But they would be in a stronger position if one did not suspect that many of them also, at the same time, have no great interest in resisting, or even in recognizing, the Jihad. No one I have listened to who is against continuing the effort in Afghanistan has suggested all the other, much less expensive, more effective ways, to divide and demoralize the enemy, and to weaken the hold that the ideology of Islam has on its adherents.
No one, in fact, mentions Islam at all, mentions the ways in which both the outcomes in Iraq and Afghanistan are irrelevant to the instruments of Jihad that really count, above all in the historic heart of the West, Europe. No one mentions the Money Weapon, and how it makes no sense to keep spending money - any money at all -- on Muslims in Iraq, Afghanistan, Pakistan.
No one mentions the need, if indeed one were to believe (no one should) that "jobs" would lessen the recruitment rate for the Taliban - for Saudi Arabia, and the U.A.E., and other fabulously rich Arab sheikdoms to be contributing billions and tens of billions to those states. For it was they who funded, they who diplomatically recognized, they who gave every assistance, through institutions and individuals, to the Taliban, and then the Taliban gave succor and refuge and aid to Al Qaeda.
So on the one hand, there are the Republican loyalists, the people who still implicitly must think (do they think?) that Muslims are essentially swell, that Islam itself is not a problem, that only some "violent extremists" are the problem -- though no one, ever, has come up with a single text, a single passage, that those "violent extremists" rely on that is not from the Qur'an, Hadith, or from the example furnished by Muhammad in the Sira. No one has dared to define the ideology of "violent extremists" that somehow is supposed to set them apart from the ideology of Islam itself. And of course they can't. What they could do is instead ask themselves another question: in what ways do those who are not "violent extremists" manage to pursue the same goal, using slyer methods, especially in the Western world?

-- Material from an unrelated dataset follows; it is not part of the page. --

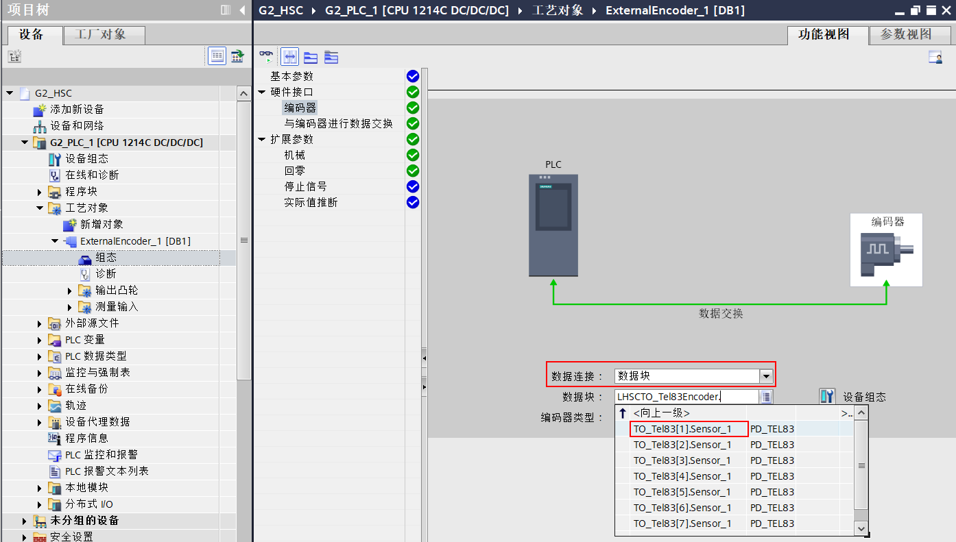 (1)创建外部编码器工艺对象,在组态界面,选择数据连接为“数据块”,连接到“LHSCTO_Tel83Encoder”[DB1] 数组的第一个元素,如图15所示。

And what are those instruments of Jihad - the very same Jihad, with the very same goals, but pursued through qitaal, or combat, and terrorism, by those "violent extremists" whom we all agree are very bad? If the ultimate goals are the same, shouldn't we look to see not only how to diminish terrorism, but to deal with all the other weapons of Jihad - the Money Weapon, campaigns of Da'wa, demographic conquest? This is something about which the Republican Senators and Congressmen are silent.

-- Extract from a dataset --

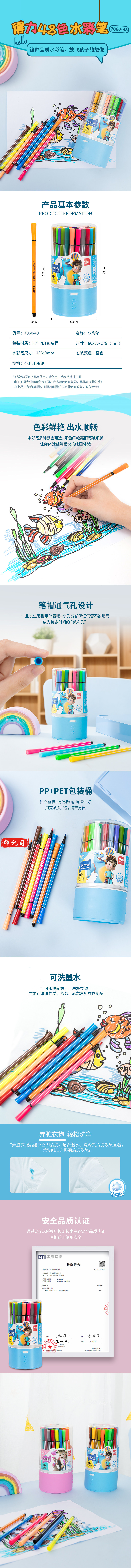 得力7060-48色细六角杆水彩笔(蓝色)

They think they can continue to claim to be "tough-minded" by supporting troops, and more troops - that is, by supporting the squandering of men, money, materiel, and morale, both civilian and political. And they are opposed by people who won't discuss Islam, as an ideology, at all, but will only talk about all the money that could be spent on other things.
People of sense are dismayed. It is one thing to have someone in public life, anyone at all, at least present, sensibly and soberly, the facts about the ideology of Islam, and about the major theatre of the Jihad, which is not in Iraq, or Afghanistan, or Pakistan, but in the countries of Western Europe.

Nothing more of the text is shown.